Weidman: I didn’t see the hearing. I was in the pool with my kids and I lost track of time, but I did want to see the way that it played out; but soon after it was over, I found out what happened. Do I think that he’s going to do something sneaky? I wouldn’t be surprised, because he’s gotten caught cheating now twice. I wouldn’t be surprised if he does something stupid again. My biggest concern is that he gets caught again. Even if he’s taking something, I don’t care. Just don’t get caught doing it, because I want to fight him whether he’s on something or not. That’s the fight that I want, and he’s the guy that I want to beat up.
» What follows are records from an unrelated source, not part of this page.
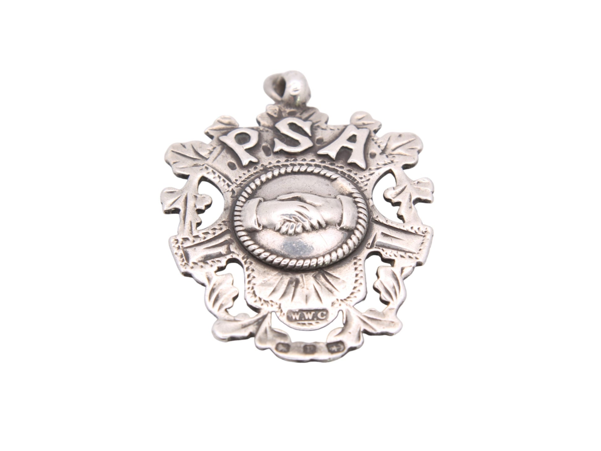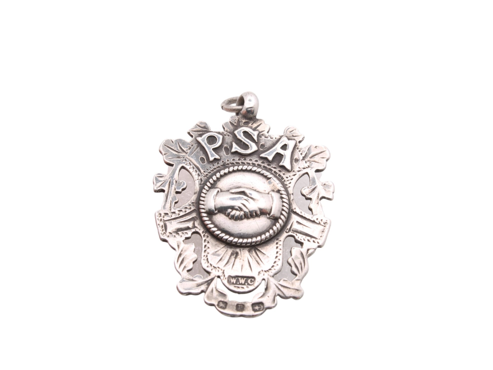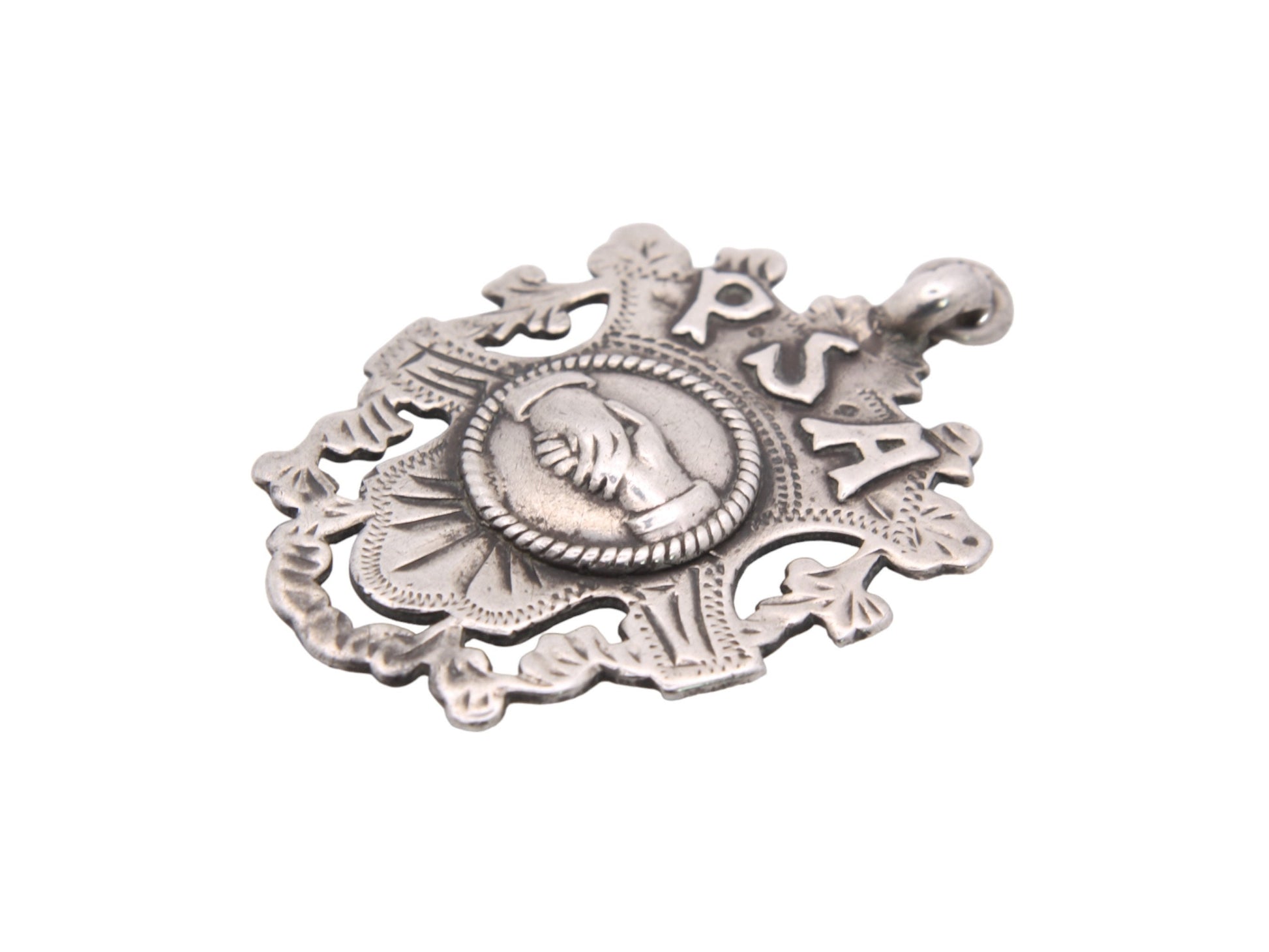 This antique sterling silver pendant is a fascinating piece of history, featuring applied letters "PSA," which stand for "Pleasant Sunday Afternoon." Below the letters is a finely detailed depiction of two hands shaking, symbolizing unity and fellowship.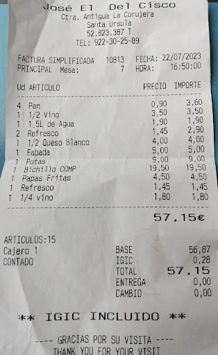 Read moreBuen vino, local agradable y buen trato. Pedimos una ración de cabrito frito y nos preguntó que mejor era pedir por trozos de carne; 4 ó 5 para cada uno, pues venga les pongo 5 trozos a cada uno. A la hora de pagar, dos raciones a 13 euros; 26 euros de precio por una bandejilla de cabrito frito. Total 41 euros, que debieron de ser suficientes con 28 euros. Se nos estropeó el almuerzo tan agradable. Pagamos sin discutir, y hasta...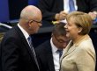 ère allemande Angela Merkel (d) et le président du groupe parlementaire de la CDU Volker Kauder, le 29 septembre 2011 au Bundestag à Berlin...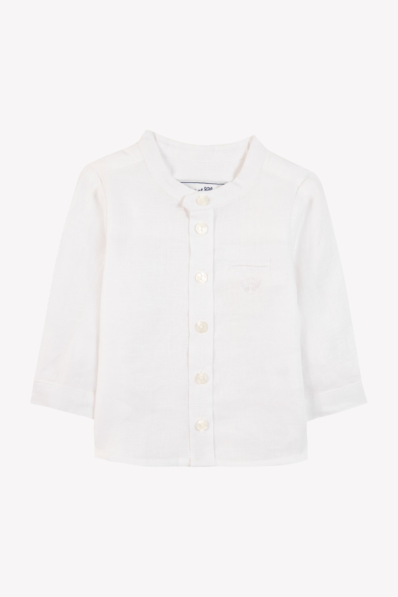 Tartine et Chocolat – Weißes Leinenhemd mit Stehkragen und langen Ärmeln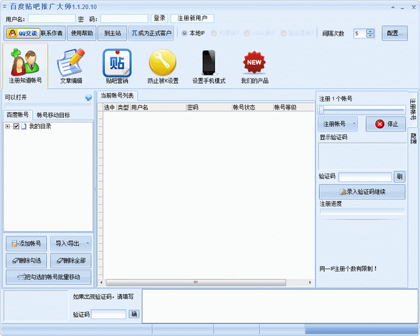 百度貼吧推廣大師是一款集百度帳號(hào)注冊(cè)、帳號(hào)激活、批量管理、文章偽原創(chuàng)、百度貼吧喜歡、升等級(jí)、批量提問、批量回答等不同功能,為一體的超強(qiáng)推廣工具。
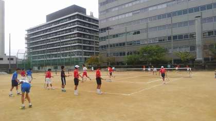 先日のブロック大会の優勝の勢いのまま明日、頑張れ!ソフトテニス部!

Sherdog.com: Can you discuss Belfort’s hand speed against your grappling, wrestling and jiu-jitsu, as well as your striking abilities -- the latter of which were evident against Lyoto Machida and Anderson Silva -- and how that will mesh in the fight?
Weidman: I think that I’m a versatile individual, and I pretty much feel like I can do anything that I want to do in there. I can stand and bang and knock him out, or I feel as if I can take him down and submit him. Nothing’s going to come easily, and I always expect some resistance, but if someone had yelled out and told me that this is what I had to do, I am getting the job done, whether they told me to submit him or knock him out. I’m going to get it done.

Photo: Sherdog.com

Belfort has won 10 of his last 12.
Sherdog.com: Is this a dangerous fight or a potential career-ender for Belfort, who, due to his age, could be more vulnerable than ever?
Weidman: I’m not saying that I’m going to end his career. I don’t like to sort of dictate people’s lives. All that I know is that I’ve got to go out there on Dec. 6, and I’ve got to beat him. Whatever happens with him after that is up to him; but again, people have asked me that, like they did with my first fight with Anderson: ‘Do I want to retire him?’ Same thing with Machida. But my goal is not to do that at all. I don’t want to hurt people’s livelihoods. If they love what they’re doing, I want them to keep doing that.
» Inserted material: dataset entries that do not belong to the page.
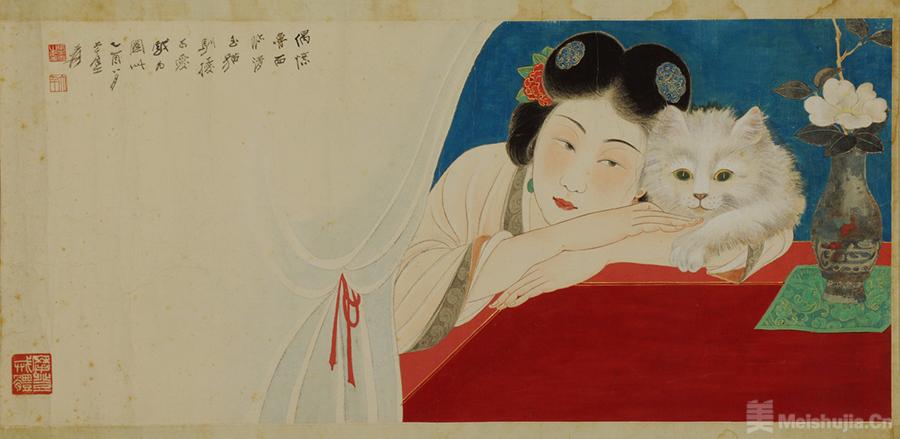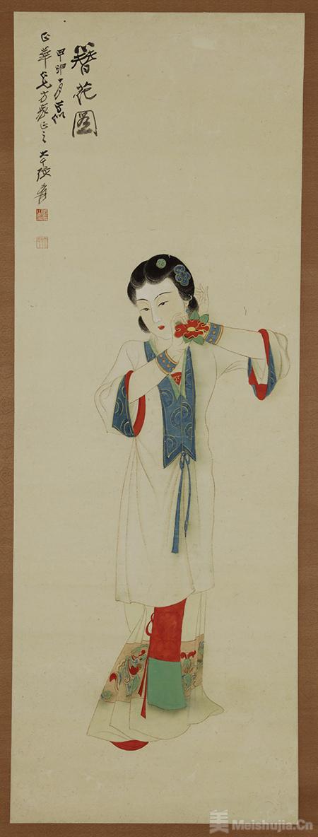 求艺敦煌的经历是张大千抗战时期绘画中无法抹去的一页,也是奠定他绘画大师根基的一页。在两年七个月的时间里,张大千朝夕与中古艺术对话,逐渐清醒地认识到绘事本应恢宏壮阔,眼界决定心胸,这为他日后画面中呈现的壮阔气度和震撼人心的力量埋下伏笔。他也更加重视线条和勾染的力度,开始广泛地使用复笔重彩技法,使得画面更加瑰丽,气韵更加浑厚。1944年5月,“张大千临摹敦煌壁画展览”在重庆两路口中央图书馆举行,他在敦煌所有的努力汇聚成的优秀作品被展示在世人眼前,不仅鞭策了有志之士投身于对敦煌文物的保护之中,也打破了抗战的沉闷之气,让国人正视我们自己博大精深的传统文化,从而树立民族自尊心和自信心,增强凝聚力和抗战必胜的信念。《临西魏夜叉图》轴就曾出现在这次展览中,75年后又重回故地向世人讲述那段历史,别具意义。《簪花图》《红妆驯猫图》的人物有着丰润健康的体型和清新的时代感,衣纹、发式、装饰灯也大量借鉴了敦煌壁画的图案,体现了张大千敦煌归来之后画风的变化。
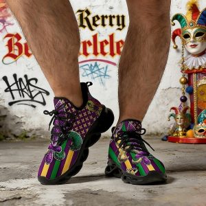 Men’s Mardi Gras Color Athletic Sneakers, Shock-Absorbing Lightweight Running Shoes for Carnival Events, Parades, Outdoor Walking, Travel and Casual Sportswear #18188385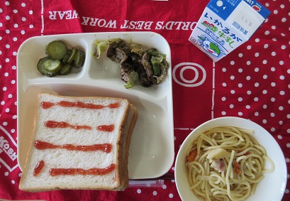・牛肉のカレー風味焼き、トマトのスープスパゲッティ、きゅうりのサラダ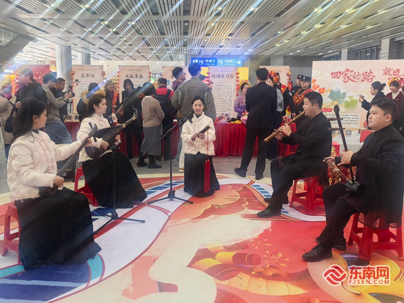 1月14日,正值春运首日,泉州动车站人流如织,候车室里张灯结彩,洋溢着浓浓的年味儿。为了让旅客在返乡途中感受“地道”的非遗春节、领略“出圈”的非遗之美,南铁漳州车务段在泉州站举办了“高铁喜逢非遗年 探寻海丝古韵美”主题活动,用满满的非遗年味和浓浓的非遗韵味,迎接即将到来的首个“非遗中国年”。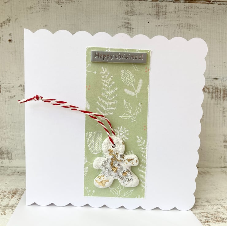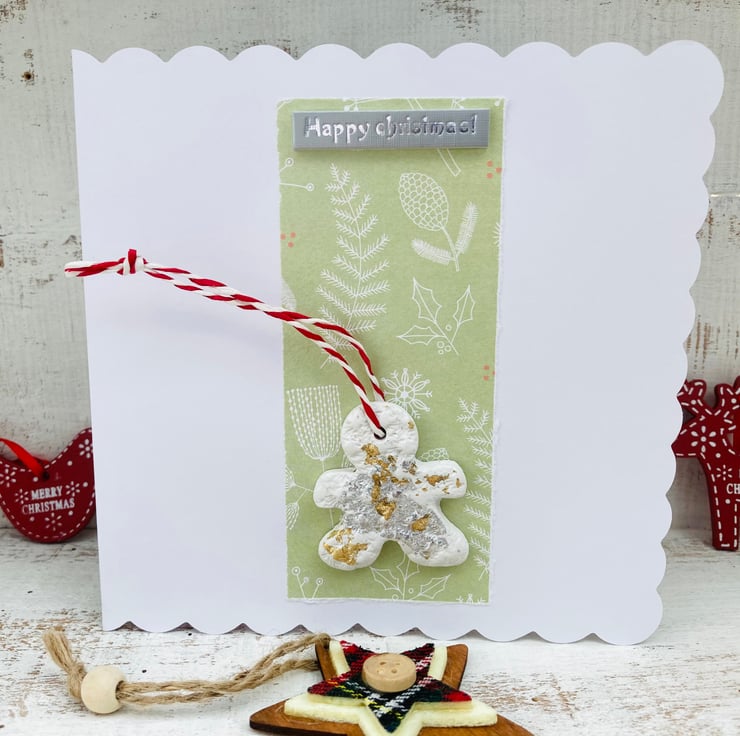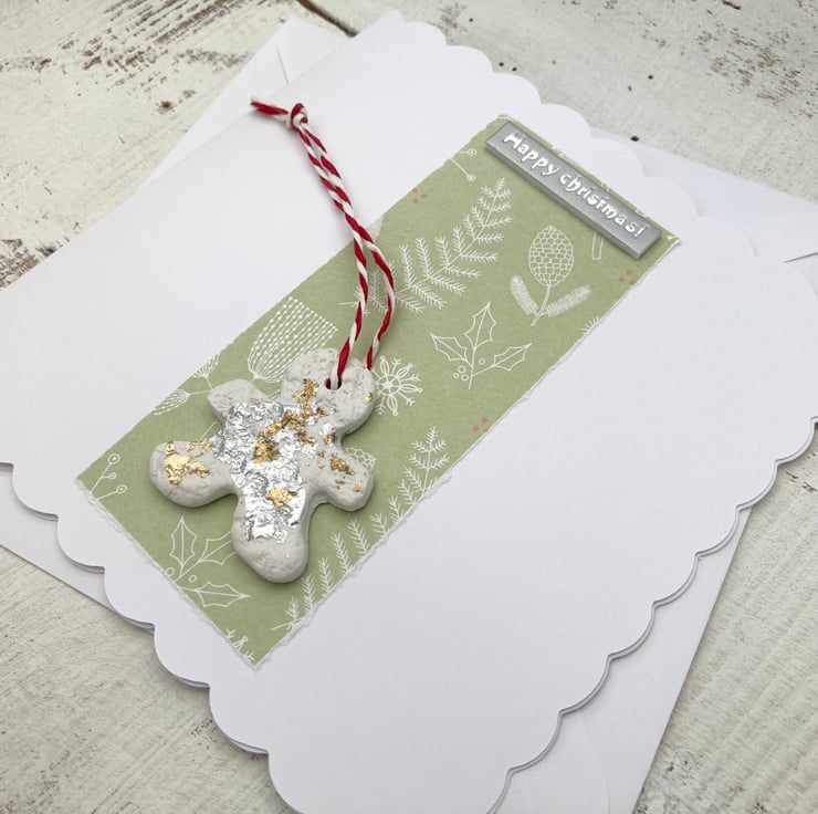 This gift card is perfect to give as a card and gift rolled into one. It has a cute Christmas gingerbread man made from a white air dry clay attached to the front of the card which can be taken off and used to hang around the home or on your Christmas tree. It is painted in white acrylic paint and decorated with gold and silver leaf to make it sparkle.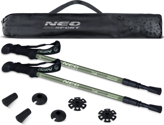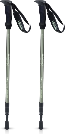 Bețele de trekking NEO SPORT NS-381 sunt concepute pentru condiții solicitante – de la poteci montane la câmpuri acoperite de zăpadă. Construcția telescopică în trei segmente, cu interval de 65–135 cm, permite ajustare rapidă după înălțimea utilizatorului și profilul terenului. Datorită greutății reduse și dimensiunilor compacte, se transportă ușor în rucsac sau se prind la exterior.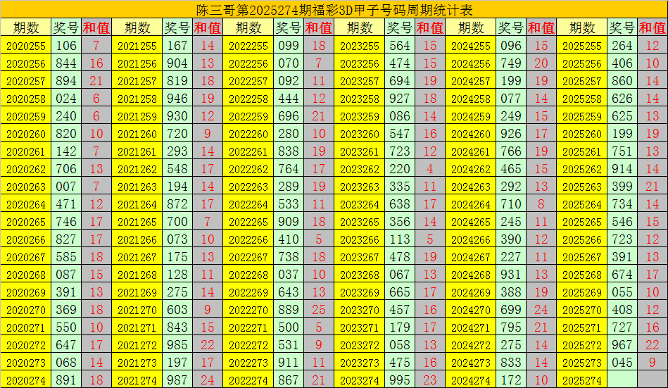 第2020年-第2024年的第260期奖号分别为:820、720、280、547、926,第2020年-2024年的第274期奖号分别为:891、987、867、995、172。其中:

Sherdog.com: How has your life changed as champion?
Weidman: Financially, I’m in a much better spot to where I can focus more on my family in between camps and yet still try to get better with training and with fighting at the same time. When I had no money, there was no hanging around in the pool with my kids. I had to be doing private lessons or teaching a class or working somewhere. I had to find a way to make money, but now, because financially I’m in a better place [and] I’m wearing the belt, I can hang out with my family more often.

Sherdog.com: Do you ever see MMA legalization in New York becoming a reality?
Weidman: I think that the more people like you take the time to interview guys like me and the more pressure that we can put on, the better the chances of MMA being legalized in New York.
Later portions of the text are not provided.